Nee, Dawkins is, wat mij betreft, tezeer ‘Literary Advocate of the Scientific Truth’ om een goed wetenschapsfilosoof of wetenschapshistoricus te kunnen zijn. Maar opnieuw geldt vanzelfsprekend dat dit niet betekent dat alles wat hij op dit vlak te vertellen heeft, het lezen niet waard zou zijn. Wist U bijvoorbeeld dat Julian Huxley de draak stak met Henri Bergons élan vital door zijn vitalistische kijk op het leven te vergelijken met een trein, voortbewogen door een élan locomotif?

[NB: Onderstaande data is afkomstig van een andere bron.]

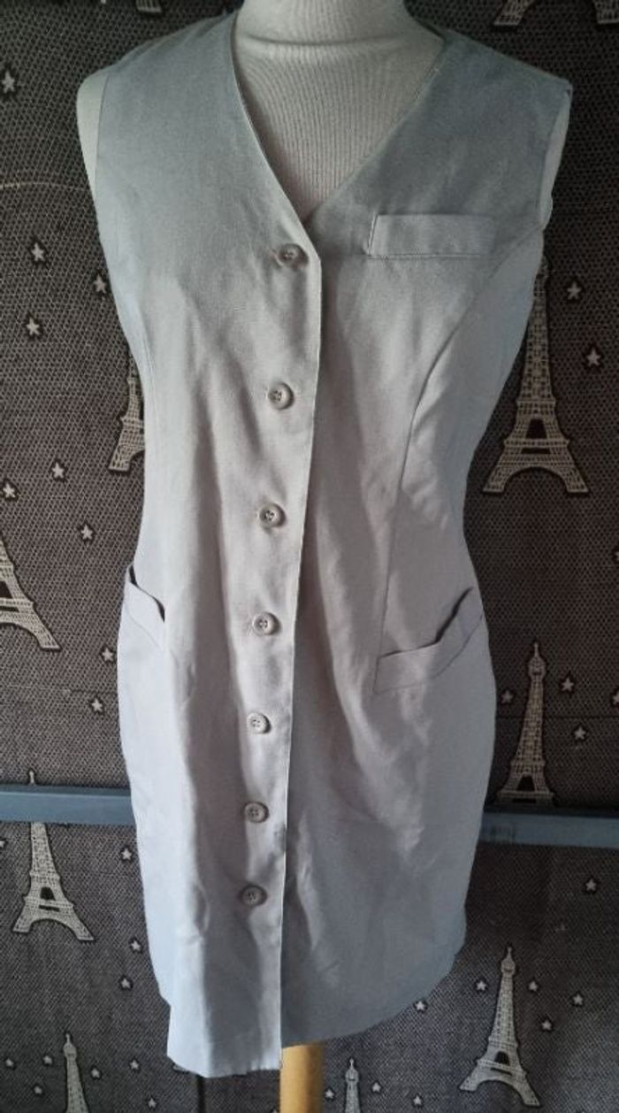 Longue veste sans manche ou robe ,à boutons,3 poches, taille 42,réglable au dos,longueur 91cm, largeur 51cm, longueur épaule à aisselle 18cm, largeur aisselle à aisselle 45cm, largeur épaule à épaule 33cm.
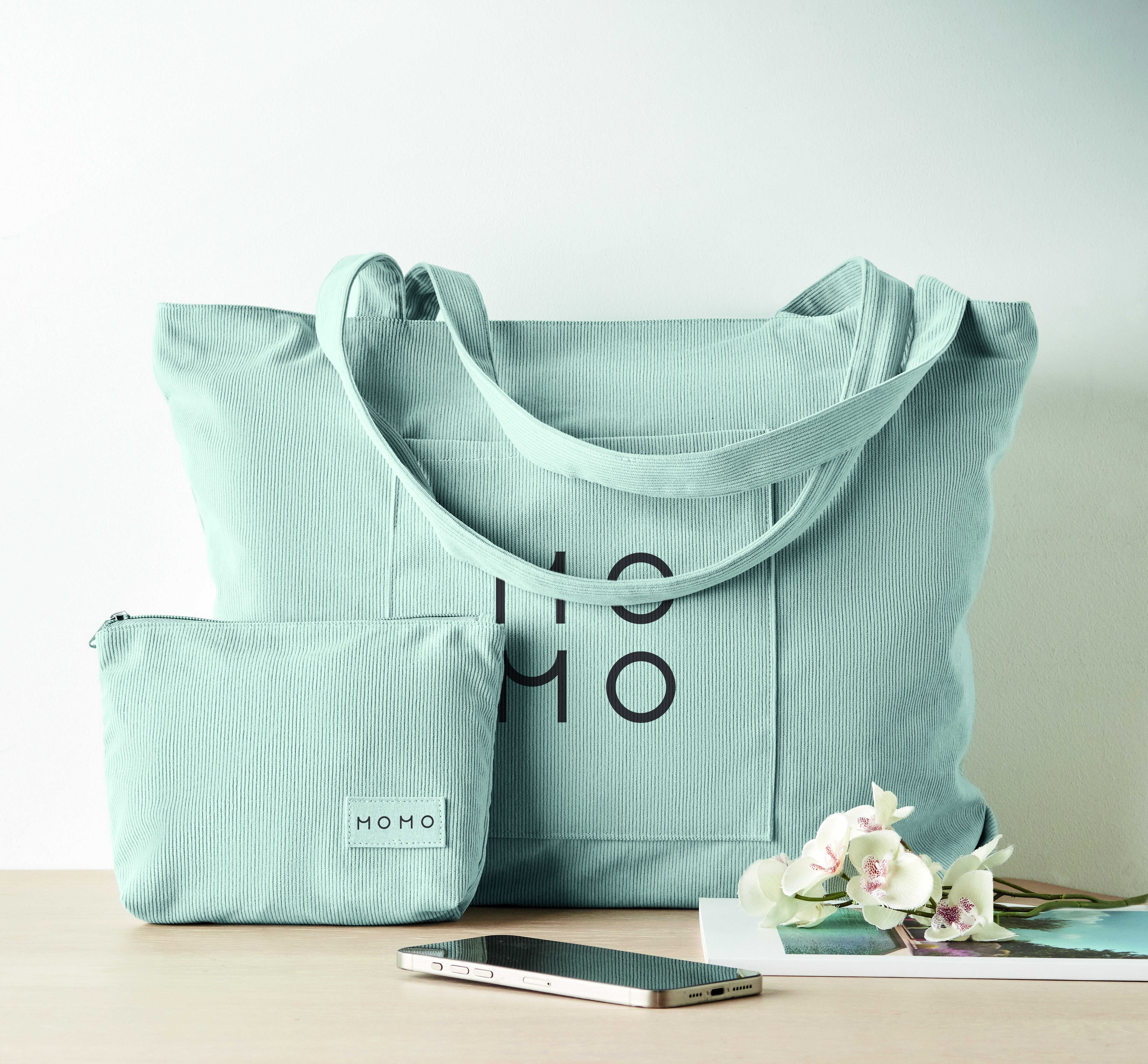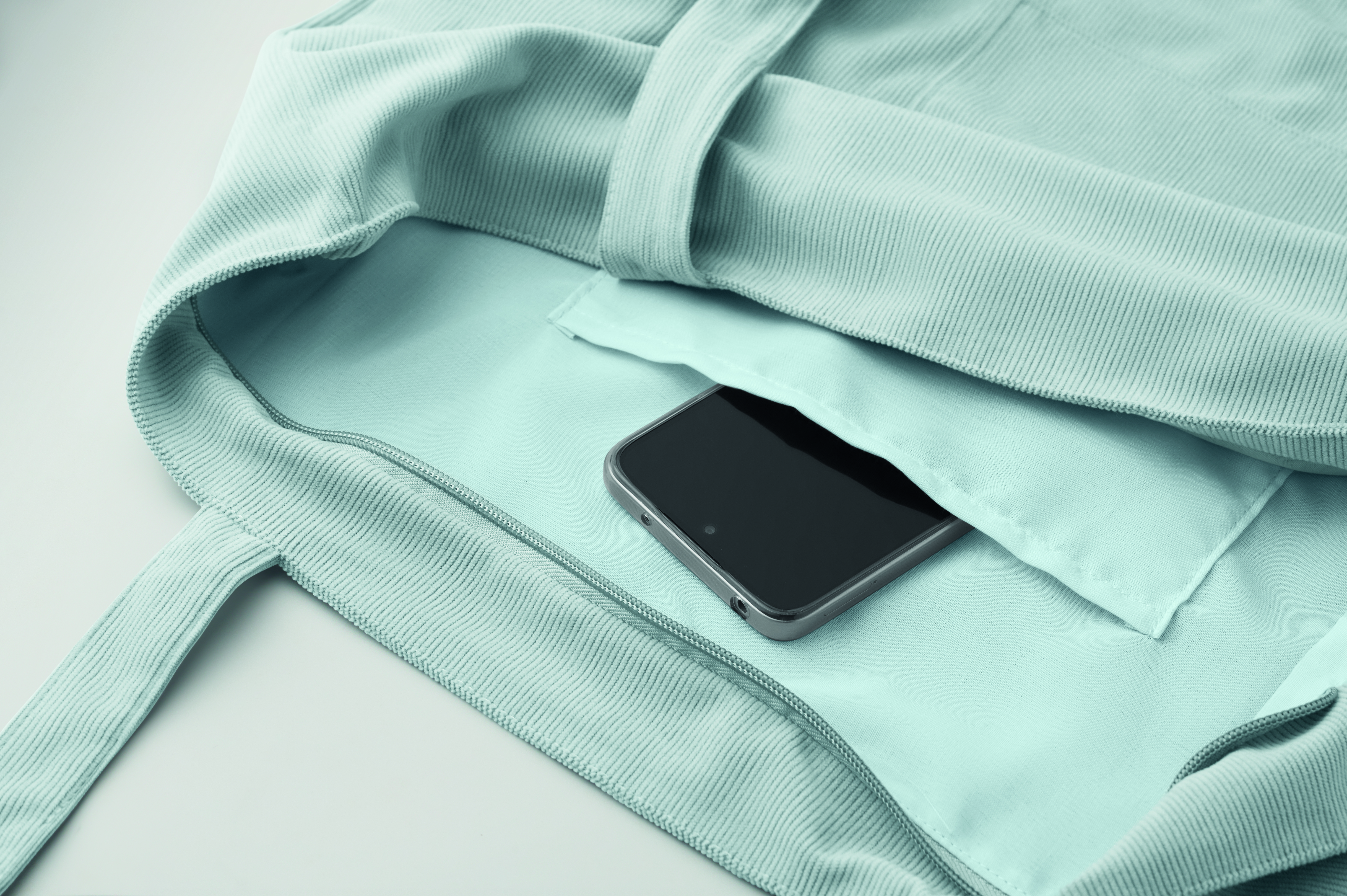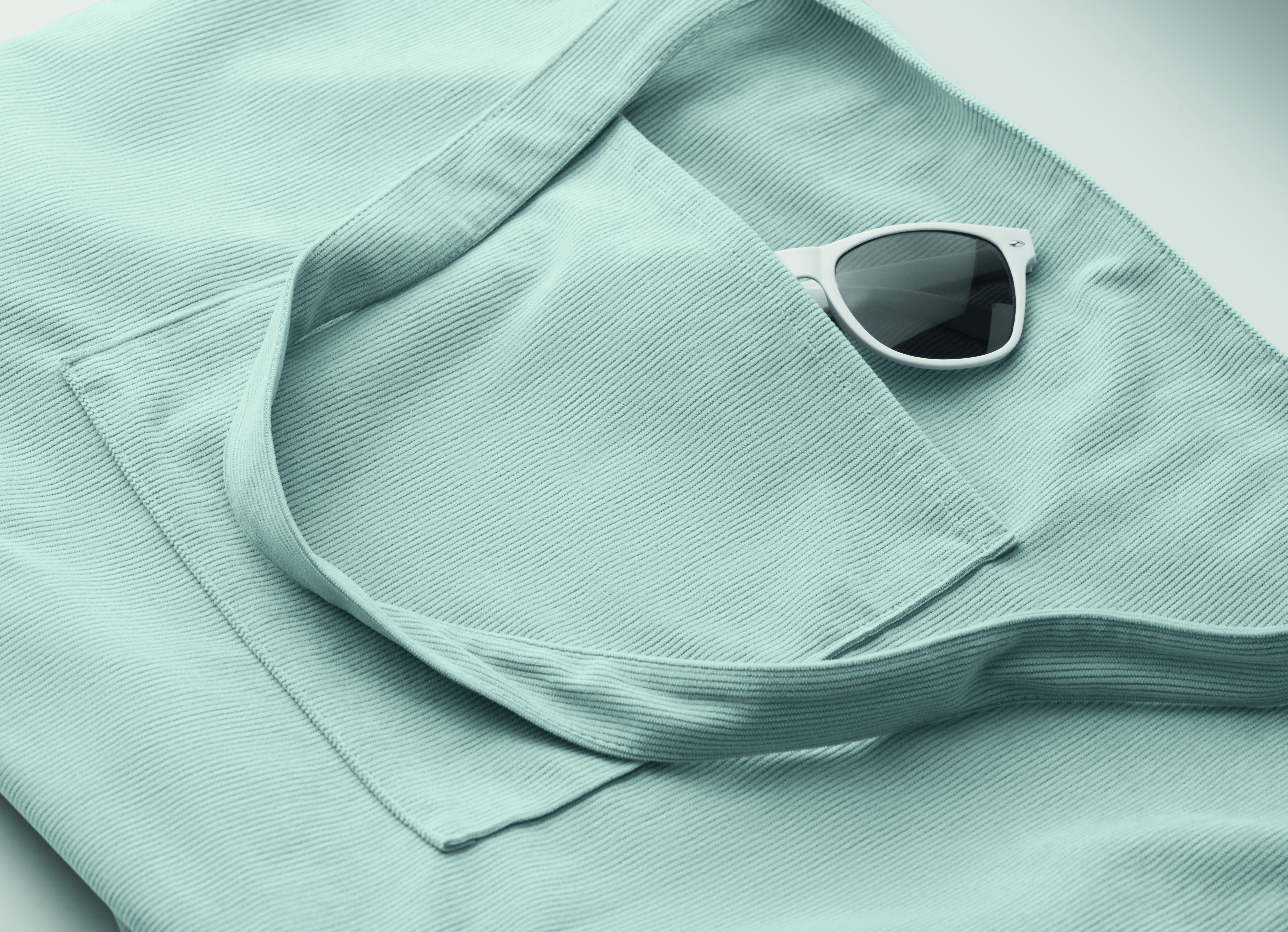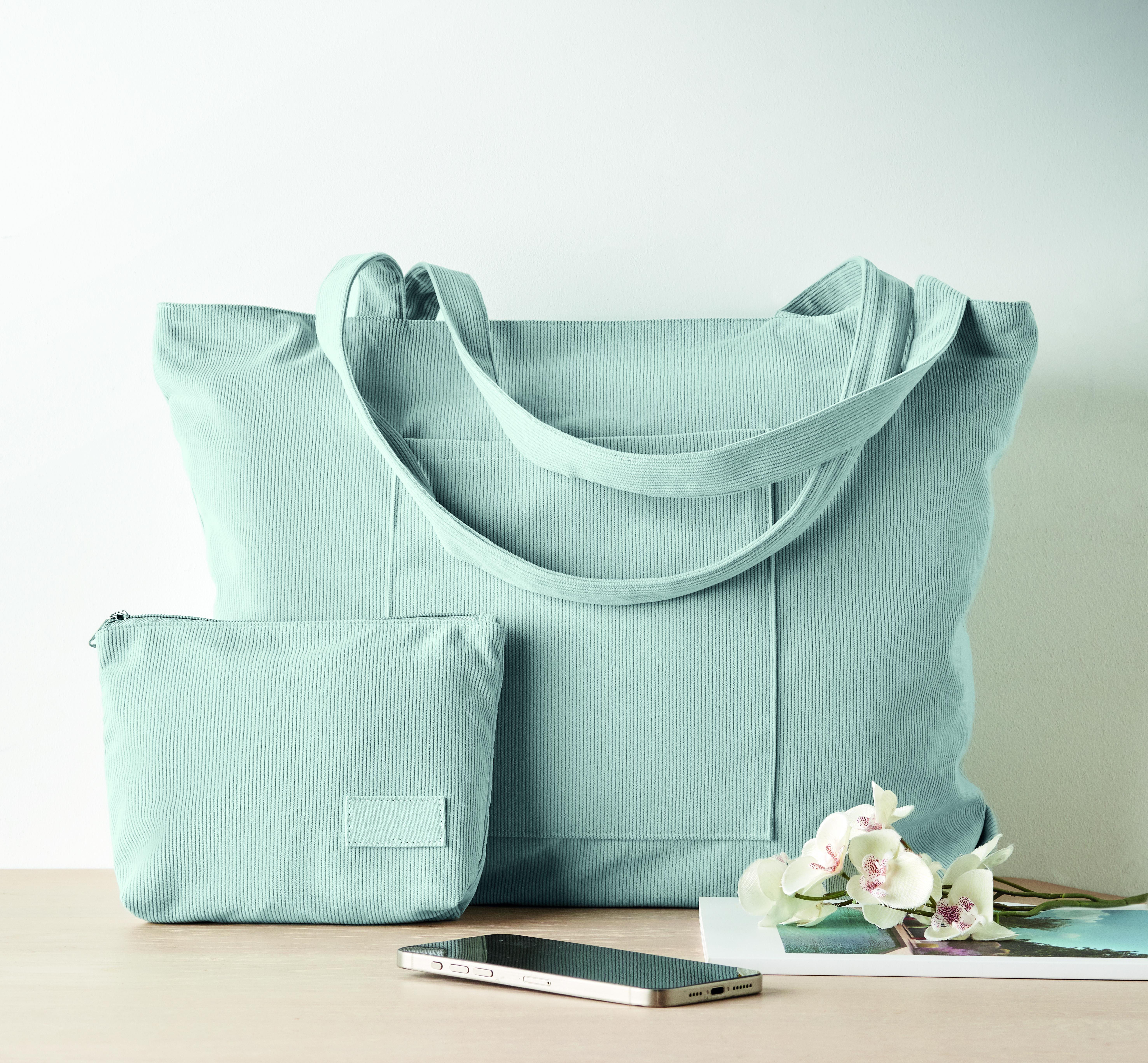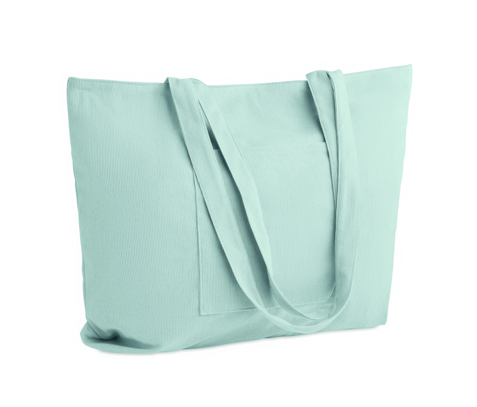 Duża torba na zakupy/plażę z poliestrowego sztruksu z górnym zamkiem błyskawicznym, otwieraną kieszenią z przodu i kieszenią wewnętrzną. 220 gr/m².
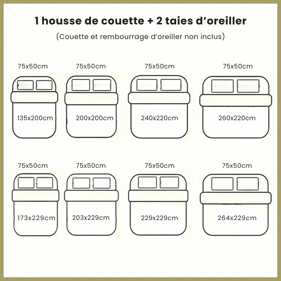 - Inclus : Ensemble comprenant une housse de couette et des taies d’oreiller assorties.
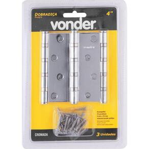 Indicada para fixação em portas mais pesadas, por exemplo: portas de madeira maciça. Não solta o pino. Possui pino com 4 anéis/rolamentos, proporcionando maior durabilidade, além de acabamento cromado que confere maior resistência à oxidação/corrosão. - Medida da dobradiça polegadas : 4 Material/acabamento da dobradiça: Aço carbono cromado Capacidade de carga kgf : Aproximadamente 35 kgf do conjunto CDC : legal: 90 dias Marca: Vonder Itens: Blister com 3 dobradiças de 4 polegadas + 24 parafusos. Marca: Não Informado
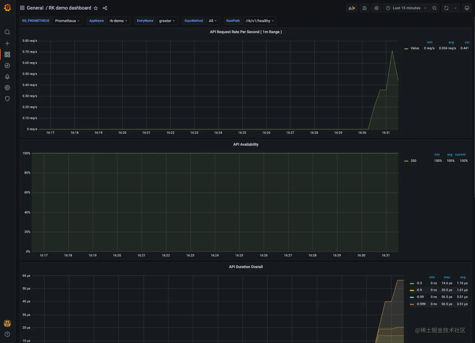 其实原理很简单,就是【劫持】API 请求,并且记录【时间】,【错误码】等信息。之后,让 Prometheus 服务主动从【创建的服务】里,拉取数据。最后,让 Grafana 服务从 Prometheus 中拉取数据,显示数据表。
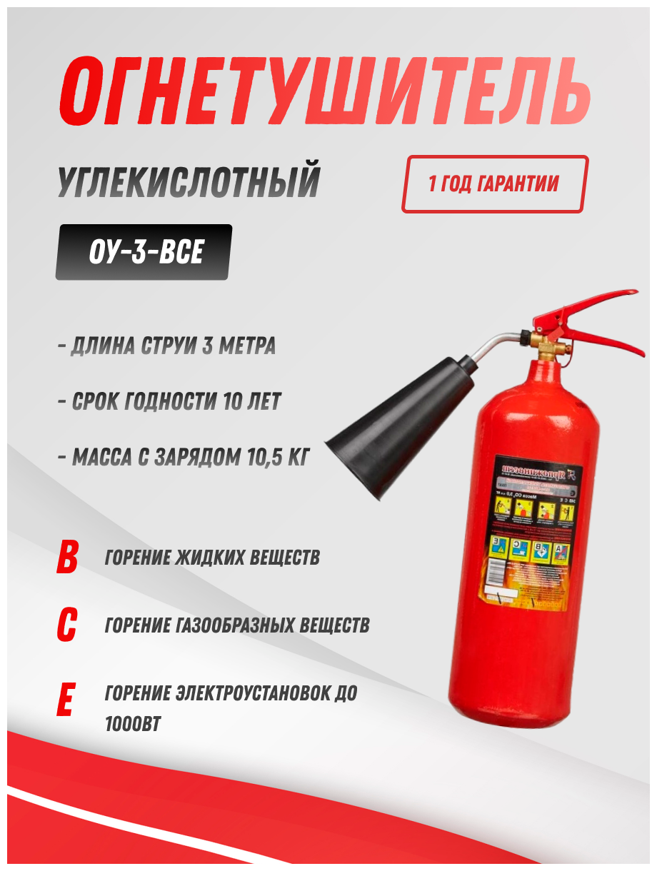 Отзывы на Огнетушитель углекислотный ОУ-3 (Ярпожинвест), ручной, цвет красный

Of dat Motoo Kimura, de vader van het neutralisme, zo weigerachtig was om over selectie te spreken dat hij zijn collega James Crow vroeg om in dit verband een zin toe te voegen in de inleiding tot zijn The Neutral Theory of Molecular Evolution (1983): “the theory does not deny the role of natural selection in determining the course of adaptive evolution.” Trouwens, als moraalfilosoof vind ik Dawkins wel geslaagd. Zo vraagt hij zich in ‘But Can They Suffer?’ terecht af onze aanname dat intelligentere dieren gevoeliger zijn wel correct is: zou het niet kunnen dat dommere dieren, wegens hun geringe leervermogens, precies een grotere gevoeligheid voor pijn nodig hebben?
 
Science in the Soul bewijst, meer dan 400 pagina’s en 40 essays lang, dat Dawkins inderdaad een van de beste levende non-fictie schrijvers is (dixit Steven Pinker). Laat je echter niet blind meeslepen door zijn erudiete en vaak bewogen betogen: sapere aude!